A working group led by SFI Omidyar Fellow Andy Rominger meets November 27-30 to explore ways to tackle this problem. They’re testing a unified approach that combines principles from statistical physics with data from modern ecosystems that have evolved, geographically isolated, in a specific chronology.
Much of our understanding of evolution comes from the fossil record. But regions like the Hawaiian Islands and East Africa’s Great Rift Lakes — two examples of geographically isolated ecosystems that evolved in chronological succession — provide a living window into evolution. “You can almost treat them like a fossil record,” says Rominger.

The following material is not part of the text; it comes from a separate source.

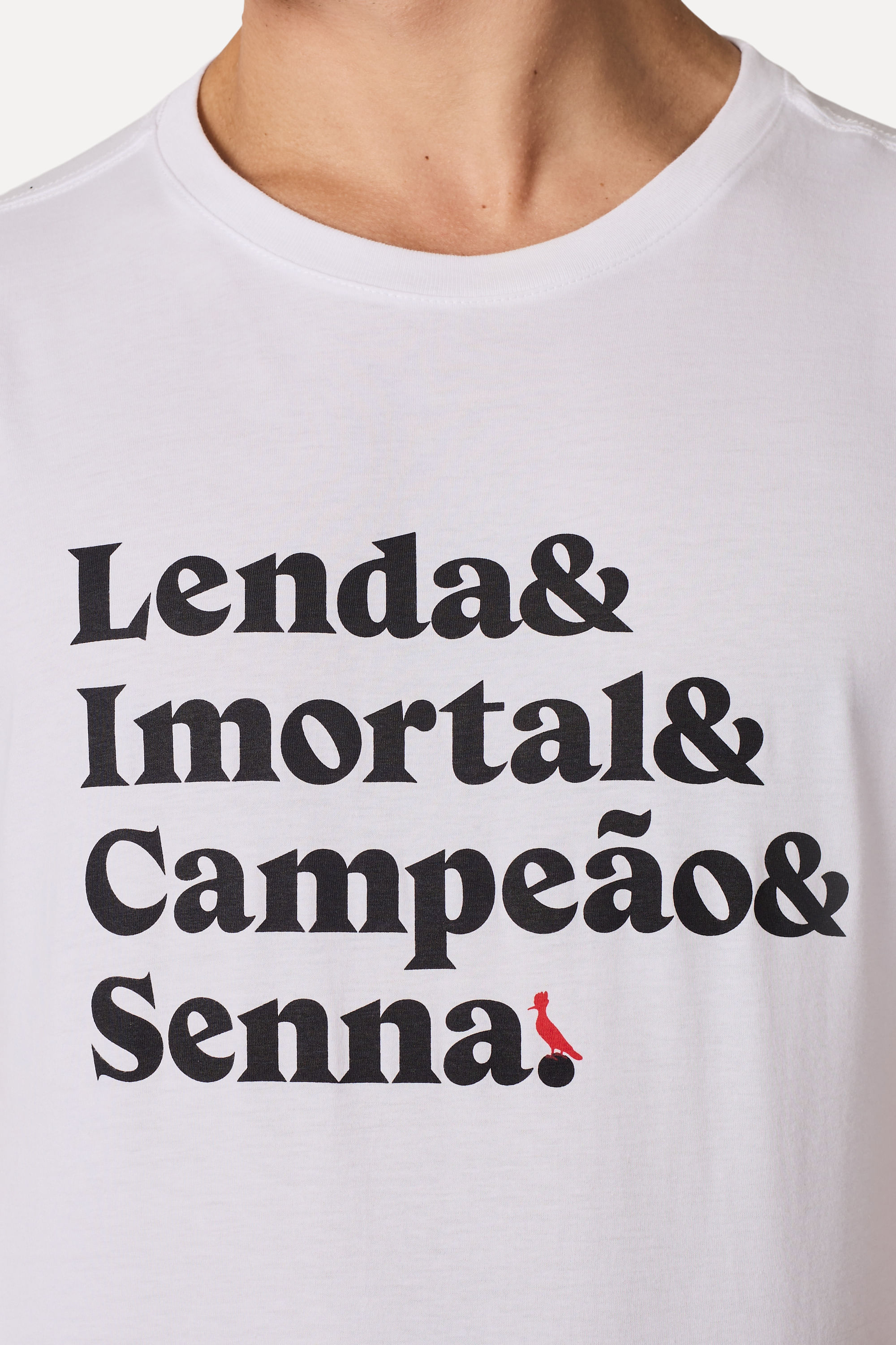 Das manhãs de domingo para a eternidade! Conheça a Camiseta Estampada &&& Senna, feita para os fãs de um dos maiores pilotos de Fórmula 1 da história. Feita em malha 100% algodão, manga curta, gola redonda de ribana de algodão e modelagem regular, que oferece caimento reto no corpo. Sua estampa traz a frase “Lenda & Imortal & Campeão & Senna”, acompanhada do nosso pica-pau vermelho. Disponível em 2 cores, escolha qual combina mais com seu estilo. Combine com calças ou bermudas, tênis ou chinelos e acelere! O modelo tem 1,85 de altura, 103 de tórax e veste 40. Comprando esta peça, você viabiliza cinco pratos de comida através do nosso Programa 1P5P. Camiseta produzida eticamente no Brasil.

In Hawaii’s case, as the Pacific Plate glided over volcanic hotspots 65 million years ago, the Hawaiian Islands began to form, one after the next, every million years or so. In that same sequence, they began to support life.
“These types of ecosystems are some of the best opportunities to merge the ecological with the evolutionary,” says Rominger. They could also help us understand how ecosystems move into and then back out of steady states of equilibrium. Steady states occur when rates of input and output — for instance, energy requirements and production or immigration and extinction — balance each other out. “There are ways to guess about past ecosystems and populations of extinct species, but there’s no real way to validate. Using systems along chronosequences is one way we can kind of get at that.”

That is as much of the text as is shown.